Thakur’s investigation culminated with a presentation to a subcommittee of the Board of Directors by Thakur’s boss Dr. Rajinder Kumar in late 2004. In a PowerPoint presentation, Kumar informed the board and the company’s then-CEO, Brian Tempest, that Ranbaxy had lied to regulators and falsified data for more than “200 products in more than 40 countries.” The PowerPoint noted that “elements of data [were] fabricated to support business needs,” meaning that the company had submitted false data in order to win approval from drug regulators.
No market or type of drug was exempt, including medications purchased by the U.S. and World Health Organization as part of a program to fight HIV in Africa. In Europe, the presentation showed, the company used ingredients from unapproved sources, invented shelf-life data, and tested different formulations of the drug than the ones it sold. The PowerPoint also reported that in certain markets — including Brazil, Kenya, Ethiopia, Uganda, Egypt, Myanmar, Thailand, Vietnam, Peru, and the Dominican Republic — the company had simply invented all of its testing data.
One question posed by Fortune‘s article was whether Daiichi Sankyo knew the extent and depth of any fraud and the extent of Ranbaxy’s problems with the FDA. In a 2010 interview withFortune, Tsutomo Une, Daiichi Sankyo’s head of global strategy, said, “I never thought that we were fooled.” With its statement on Wednesday, Daiichi Sankyo appears to be saying it was, indeed, hoodwinked.
Daiichi Sankyo declined to comment. Ranbaxy and Malvinder Singh did not respond to requests for comment for this story. However, in previous comments to Fortune, a spokesman for Singh defended his conduct. In its Wednesday press release, Daiichi Sankyo stressed Ranbaxy’s “improved business standards and quality assurance initiatives.” As part of the same press release, Ranbaxy CEO Arun Sawhney stated, “Ranbaxy is a different company today.
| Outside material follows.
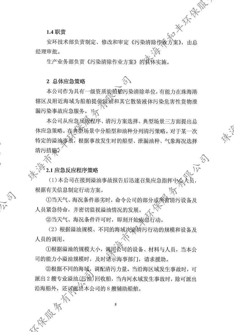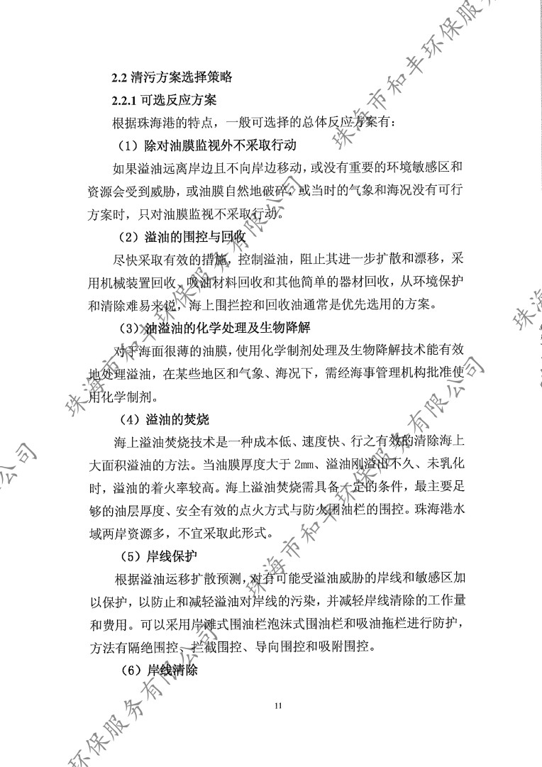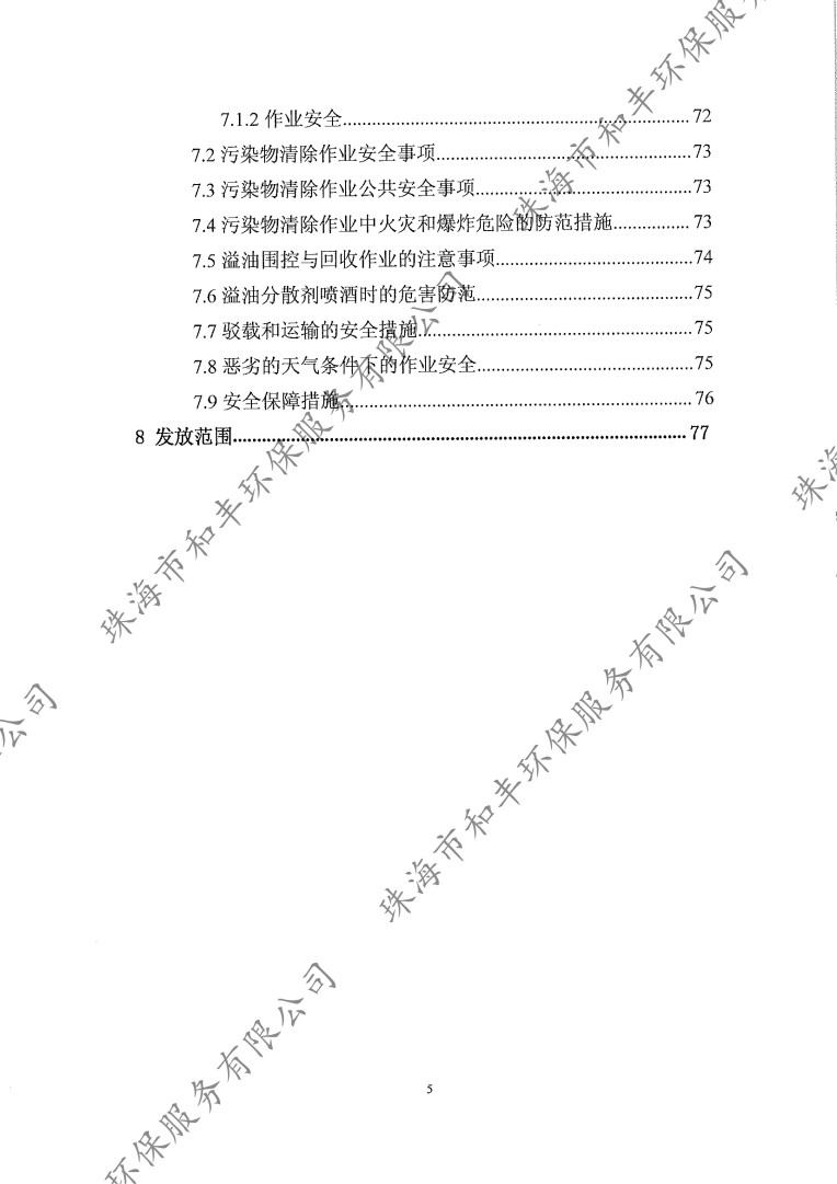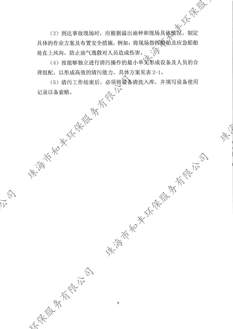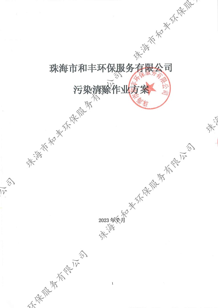 珠海市和豐環(huán)保服務(wù)有限公司污染清除作業(yè)方案

The steps we have taken over the recent years reflect the wide-ranging efforts of the current board and management to address certain conduct of the past and ensure that Ranbaxy moves forward with integrity and professionalism in everything we do.” The statement added that the company has invested more than $300 million to upgrade its manufacturing facilities, instituted a new code of conduct for all Ranbaxy employees, and completely reconstituted its board of directors and executive team.